== INPUT DATA ==

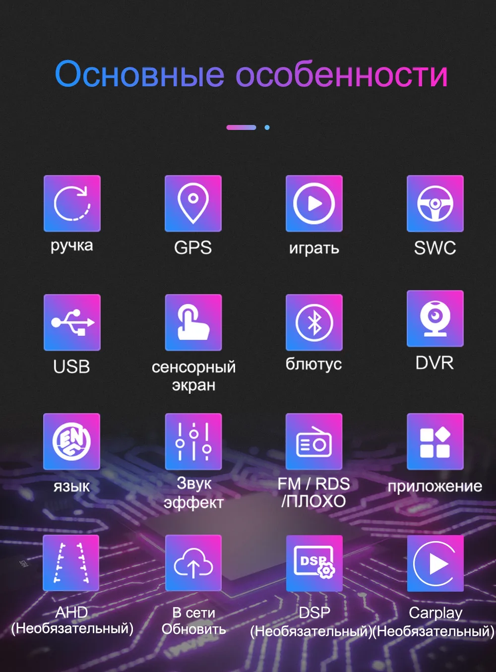 ОС: Операционная система Android RAM + ROM: 2G + 16G 2G + 32G 2G + 64G Поскольку система занимает внутреннюю память, операционная система занимает около 4-6 ГБ памяти. Бесплатная установка карта ЦП: четырехъядерный Поддержка изменения логотипа, пароль заводского набора: 8888, изменение логотипа Разъем питания: подключи и работай Встроенный GPS -Поддержка 2D HD и 3D карт Разрешение: 2.5D HD 1024*600 пикселей емкостный экран --- Поддержка внешнего мобильного u-диска и жесткого диска FAT32 (без ограничения емкости) --- Интернет развлечения, встроенный WiFi модуль. --- Поддержка HD 1080p видеоигр, поддержка зеркального соединения и Airplay. --- Радио: FM / AM-Radio с 30 предустановленными станциями Функция двойной зоны (пользователь может слушать музыку или радио в режиме gps-навигации) --- Встроенный Bluetooth handsfree и телефонная книга, поддержка A2DP, воспроизведение музыки напрямую по телефону. (Вы должны согласиться с авторизацией телефона и синхронизировать контактную информацию в настройках телефона) Совместимость с управлением рулевого колеса Электронная и механическая Противоударная система --- Высокомощный стерео аудио выход, поддерживает 4 динамика ---- Поддержка AHD 1080P вход камеры заднего вида Обратите внимание: эта модель не имеет функции DVD / CD, но поддерживает жесткий диск мобильного USB / U диска.
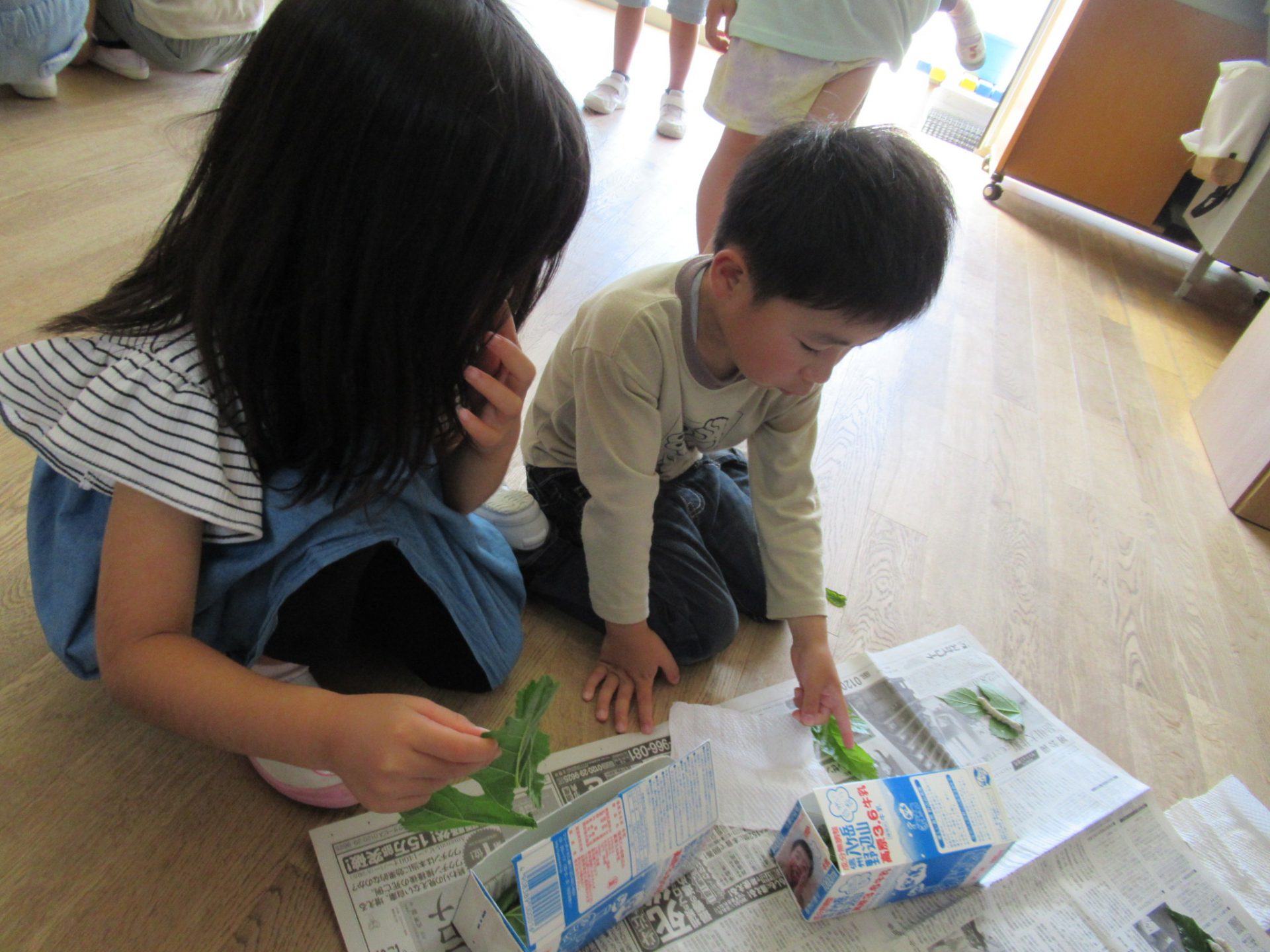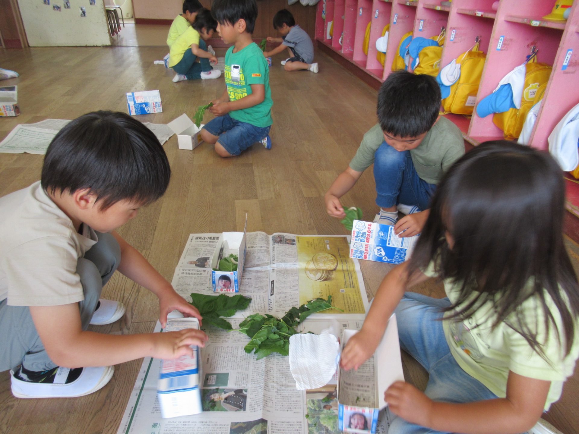 「みんながお蚕さんのパパ・ママだからお世話お願いね」とお話しすると責任感や使命感が生まれたようでお家の掃除や桑の葉を取りに行ってくれるようになり、愛着が湧いてきました。
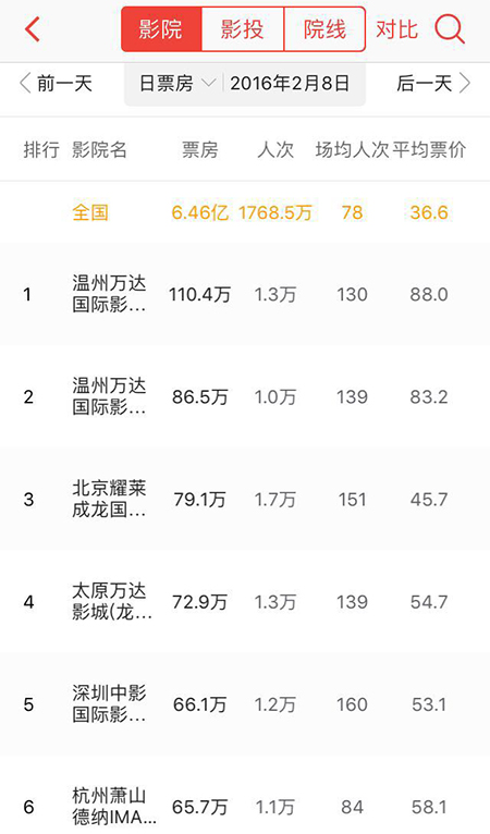 事实上,观众没有那么在意春节档影片的完成度,而是把观影看作回家娱乐消遣的方式。这已经体现在春节档的票仓上,去年春节二三线城市票房占据主导已经是不争的事实了。2016年大年初一,全国影院票房的冠亚军都来自温州,分别是当地两家万达影院,只有第三位才轮到了北京耀莱成龙国际影城,而前十中更包括了杭州、太原、长春、阜阳等非一线城市。据统计,北上广深四座一线城市2016年的春节票房仅占全国总票房的14%,甚至低于全年一线城市平均水平。况且这一数字,已经从2015年的25%逐步下滑到去年的18%。

== WHAT THE TASK ASKS ==
Transcribe all data precisely. Pictures are not copied.

== EXERCISE OUTPUT ==
 ОС: Операционная система Android RAM + ROM: 2G + 16G 2G + 32G 2G + 64G Поскольку система занимает внутреннюю память, операционная система занимает около 4-6 ГБ памяти. Бесплатная установка карта ЦП: четырехъядерный Поддержка изменения логотипа, пароль заводского набора: 8888, изменение логотипа Разъем питания: подключи и работай Встроенный GPS -Поддержка 2D HD и 3D карт Разрешение: 2.5D HD 1024*600 пикселей емкостный экран --- Поддержка внешнего мобильного u-диска и жесткого диска FAT32 (без ограничения емкости) --- Интернет развлечения, встроенный WiFi модуль. --- Поддержка HD 1080p видеоигр, поддержка зеркального соединения и Airplay. --- Радио: FM / AM-Radio с 30 предустановленными станциями Функция двойной зоны (пользователь может слушать музыку или радио в режиме gps-навигации) --- Встроенный Bluetooth handsfree и телефонная книга, поддержка A2DP, воспроизведение музыки напрямую по телефону. (Вы должны согласиться с авторизацией телефона и синхронизировать контактную информацию в настройках телефона) Совместимость с управлением рулевого колеса Электронная и механическая Противоударная система --- Высокомощный стерео аудио выход, поддерживает 4 динамика ---- Поддержка AHD 1080P вход камеры заднего вида Обратите внимание: эта модель не имеет функции DVD / CD, но поддерживает жесткий диск мобильного USB / U диска.
 「みんながお蚕さんのパパ・ママだからお世話お願いね」とお話しすると責任感や使命感が生まれたようでお家の掃除や桑の葉を取りに行ってくれるようになり、愛着が湧いてきました。
 事实上,观众没有那么在意春节档影片的完成度,而是把观影看作回家娱乐消遣的方式。这已经体现在春节档的票仓上,去年春节二三线城市票房占据主导已经是不争的事实了。2016年大年初一,全国影院票房的冠亚军都来自温州,分别是当地两家万达影院,只有第三位才轮到了北京耀莱成龙国际影城,而前十中更包括了杭州、太原、长春、阜阳等非一线城市。据统计,北上广深四座一线城市2016年的春节票房仅占全国总票房的14%,甚至低于全年一线城市平均水平。况且这一数字,已经从2015年的25%逐步下滑到去年的18%。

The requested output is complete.